The output voltage Vd of the A / D converter 5 is divided by the gain G in the divider 6. That is, the output voltage of the divider 6 is Vd / G. The adder 7 outputs a value (Vb + Vd / G) obtained by adding the output voltage Vb of the A / D converter 2 and the output voltage Vd / G of the divider 6. Here, from the expression (1), the input voltage Va of the A / D conversion apparatus 100 is expressed by the following expression (4). Therefore, the quantization error of the A / D conversion processing by the A / D conversion apparatus 100 is Is represented by the following equation (5).
Va = Vb + Vc (4)
Quantization error = Va− (Vb + Vd / G) = (Vb + Vc) − (Vb + Vd / G)
= Vc-Vd / G = (Vd / G + Ve / G) -Vd / G
= Ve / G (5)

As described above, since the relationship of 0 ≦ Ve <ΔV1 holds, the magnitude of the quantization error Ve / G in the A / D conversion process of the A / D conversion apparatus 100 is defined by the following equation (6). .
0 ≦ Ve / G <ΔV1 / G (6)

  That is, the maximum quantization error of the A / D conversion process by the A / D conversion apparatus 100 is ΔV1 / G, and the maximum value ΔV1 / G of the quantization error is the resolution of the A / D conversion apparatus 100. Here, since the maximum value of the quantization error when only one A / D converter is provided, that is, the resolution is ΔV1, according to the A / D conversion apparatus 100 of the first embodiment, the resolution Can be reduced to 1 / G.
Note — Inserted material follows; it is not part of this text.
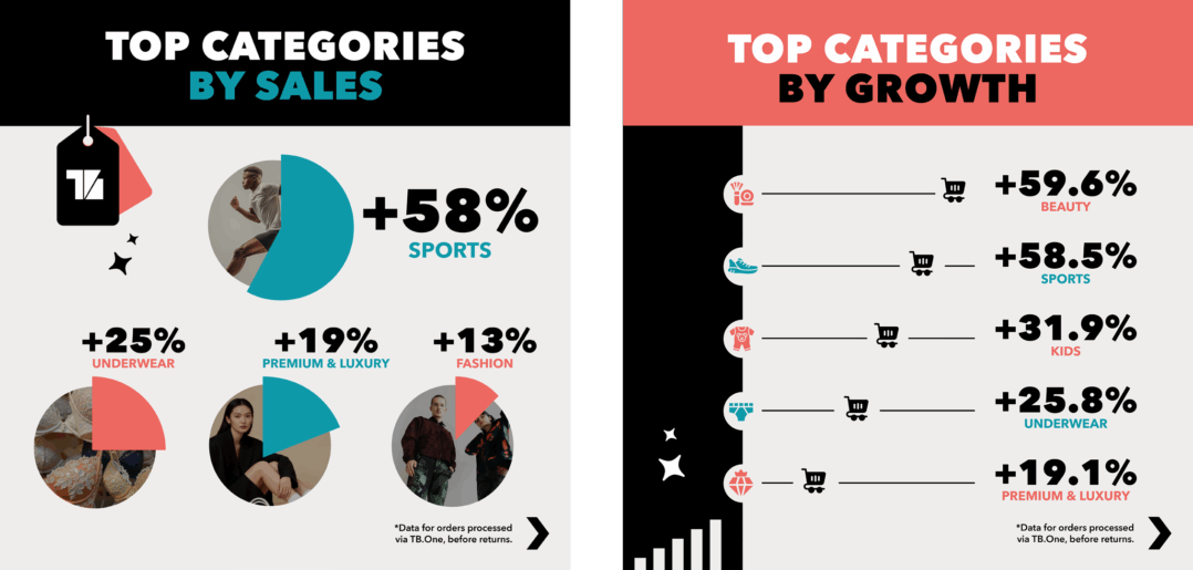 Meanwhile, the fastest-growing categories highlight successful new launches and high consumer demand: Beauty led with +59.6% growth, closely followed by Sports (+58.5%), Kids (+31.9%), Underwear (+25.8%), and Premium & Luxury (+19.1%).

Here, the resolution is calculated using specific numerical values. The resolution of the 8-bit A / D converter 2 with a maximum input voltage of 5V is 5/2 ⁸ (V).
5/2 ⁸ × K = 800/256 = 3.125 (V)
It becomes. This is the resolution (800 V conversion) of a conventional A / D converter having only one A / D converter.

On the other hand, since the resolution of the A / D conversion device 100 in the first embodiment is 1 / G of the resolution of the A / D converters 2 and 5,
3.125 / 200 = 15.6 (mV)
It becomes.

Here, in a conventional A / D converter having only one A / D converter, the resolution (converted to 800 V) when a 16-bit A / D converter is used is as follows:
^{5/2 16 × K = 800/2} 16 = 12.2 (mV)
It becomes. That is, according to the A / D converter in the first embodiment, the A / D converter using the 8-bit A / D converter is equivalent to the A / D converter using the expensive 16-bit converter. Resolution can be obtained.

The gain G is determined based on the resolution of the first A / D converter 2 and the maximum input voltage of the second A / D converter 5. As described above, since the resolution of the A / D converter 2 is 5/2 ⁸ (V), the voltage input to the A / D converter 5 is a value smaller than 5/2 ⁸ × G (V). It becomes. Gain G must be set so that the input voltage of the A / D converter 5 is smaller than 5V is the maximum input voltage, here, it is necessary to set the gain G 2 ⁸ the following values. As described above, according to the A / D conversion device 100 in the first embodiment, the resolution is set to 1 / G with respect to the resolution of the A / D conversion device using one A / D converter. since it is, the gain G is at 2 ⁸ the following values, it is preferable to set as high as possible value.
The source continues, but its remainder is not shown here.